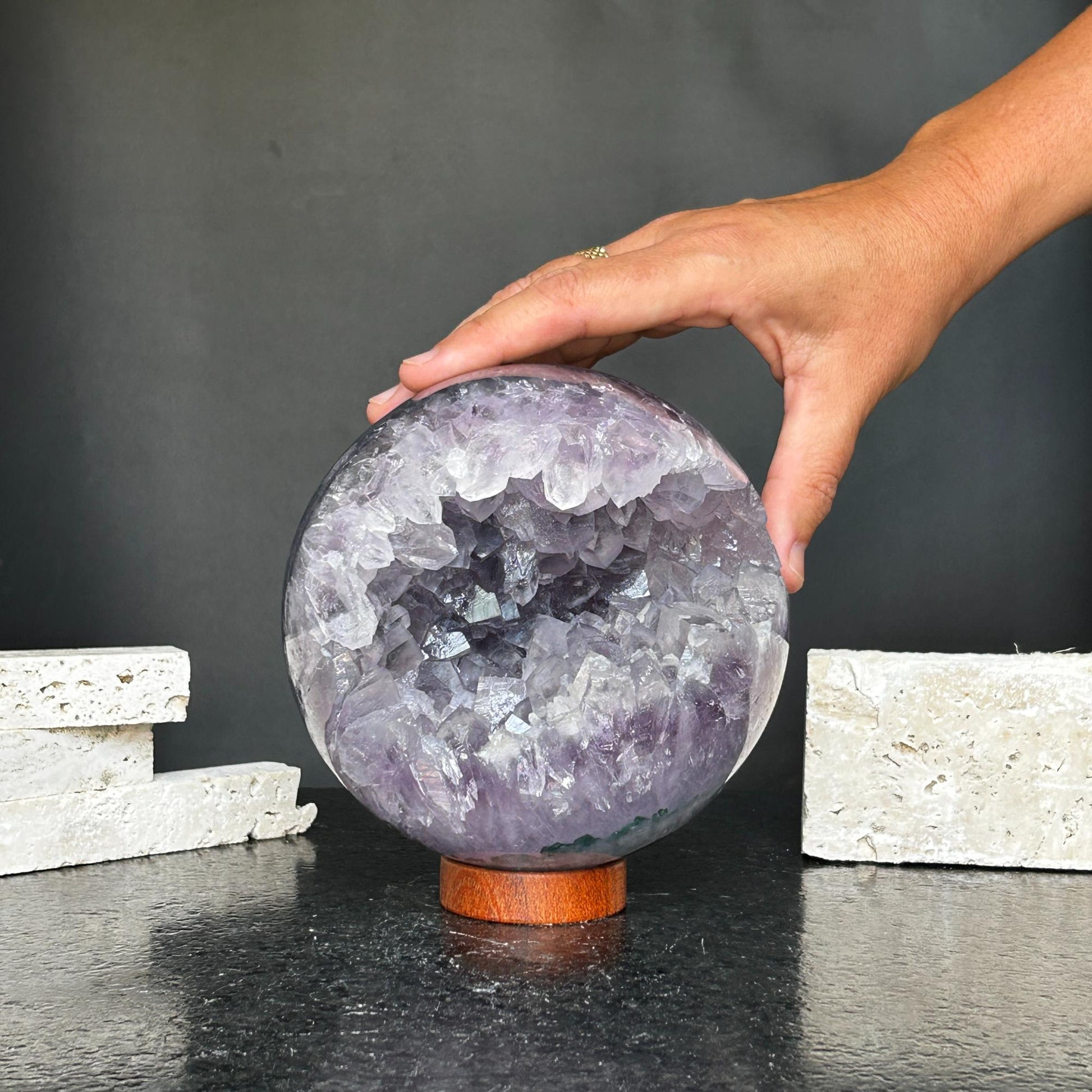 This extra large amethyst sphere has the highest quality of the semi precious stones. Its colors are 100% natural.
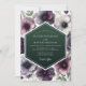 This design exudes a dramatic and romantic elegance for a sophisticated union. A lush arrangement of painterly anemones in shades of deep plum, lavender, and pale ivory creates a stunning botanical display. These beautiful blossoms contrast beautifully with the rich, dark emerald green element. The moody yet enchanting atmosphere is perfect for a timeless occasion.
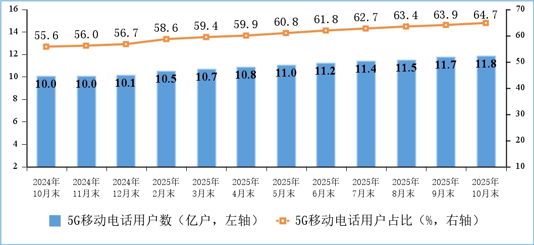 移動(dòng)電話用戶規(guī)模穩(wěn)中有增,5G用戶數(shù)持續(xù)增加。截至10月末,三家基礎(chǔ)電信企業(yè)及中國(guó)廣電的移動(dòng)電話用戶總數(shù)達(dá)18.3億戶,比上年末凈增4015萬戶。其中,5G移動(dòng)電話用戶達(dá)11.84億戶,比上年末凈增1.7億戶,占移動(dòng)電話用戶的64.7%。
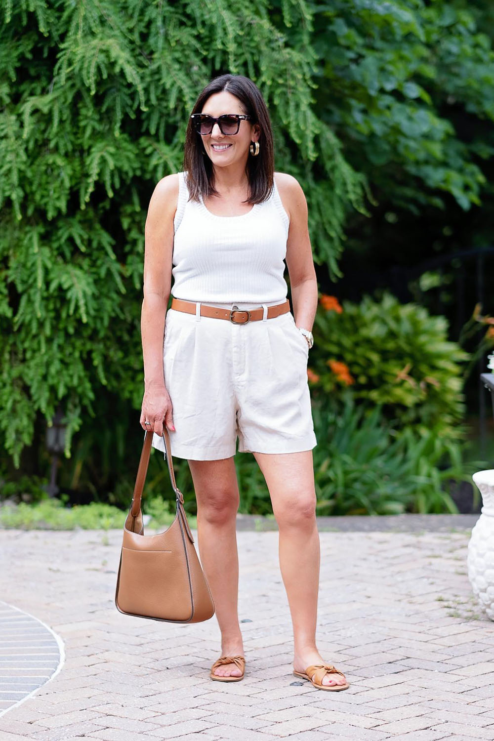 If you’re dreaming of cozy chic, here’s the move! This creamy white tank and high-waisted shorts combo is the ultimate breathable summer fit. The brown leather accents from the belt, sandals, and handbag pull everything together in a way that’s effortless and clean.
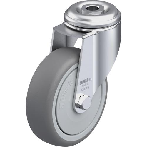High-Quality Thermoplastic Elastomer Caster – 4″ (102 mm), 240 lbs. (108 kg.), Thermoplastic Rubber-Elastomer, Swivel, Steel, 1-1/4″ (31.8 mm), Bolt Hole Fitting, 1/2″ (13 mm), 0″ (0 mm), 85° Shore A, Ball Bearing
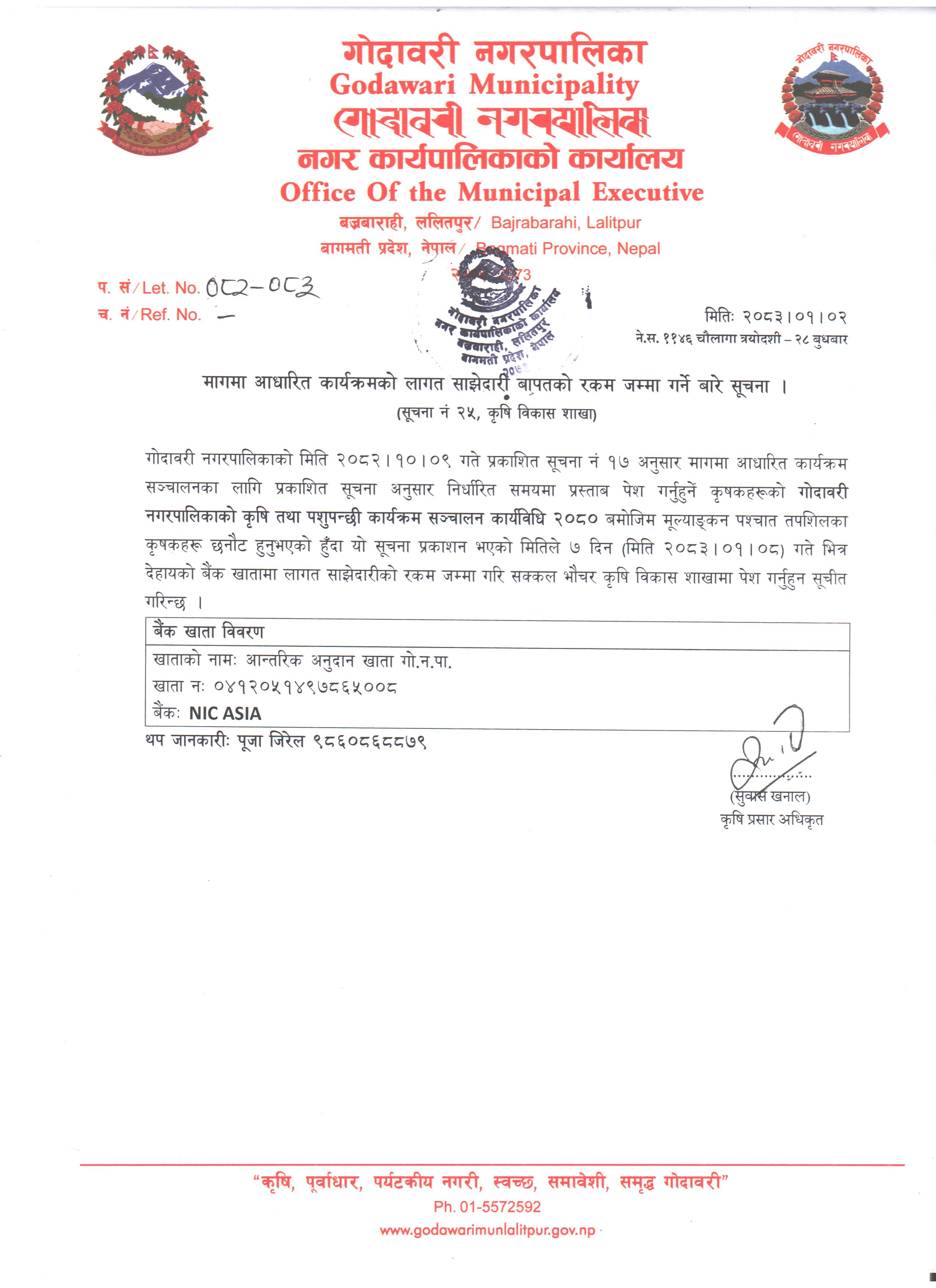 मागमा आधारित कार्यक्रममा लागत साझेदारी बापतको रकम जम्मा गर्ने बारे सूचना ।
---*---
→ **WORK ITEM**: An exact transcription of the data above is needed, without the pictures.

→ **TASK RESPONSE**:
 This extra large amethyst sphere has the highest quality of the semi precious stones. Its colors are 100% natural.
 This design exudes a dramatic and romantic elegance for a sophisticated union. A lush arrangement of painterly anemones in shades of deep plum, lavender, and pale ivory creates a stunning botanical display. These beautiful blossoms contrast beautifully with the rich, dark emerald green element. The moody yet enchanting atmosphere is perfect for a timeless occasion.
 移動(dòng)電話用戶規(guī)模穩(wěn)中有增,5G用戶數(shù)持續(xù)增加。截至10月末,三家基礎(chǔ)電信企業(yè)及中國(guó)廣電的移動(dòng)電話用戶總數(shù)達(dá)18.3億戶,比上年末凈增4015萬戶。其中,5G移動(dòng)電話用戶達(dá)11.84億戶,比上年末凈增1.7億戶,占移動(dòng)電話用戶的64.7%。
 If you’re dreaming of cozy chic, here’s the move! This creamy white tank and high-waisted shorts combo is the ultimate breathable summer fit. The brown leather accents from the belt, sandals, and handbag pull everything together in a way that’s effortless and clean.
High-Quality Thermoplastic Elastomer Caster – 4″ (102 mm), 240 lbs. (108 kg.), Thermoplastic Rubber-Elastomer, Swivel, Steel, 1-1/4″ (31.8 mm), Bolt Hole Fitting, 1/2″ (13 mm), 0″ (0 mm), 85° Shore A, Ball Bearing
 मागमा आधारित कार्यक्रममा लागत साझेदारी बापतको रकम जम्मा गर्ने बारे सूचना ।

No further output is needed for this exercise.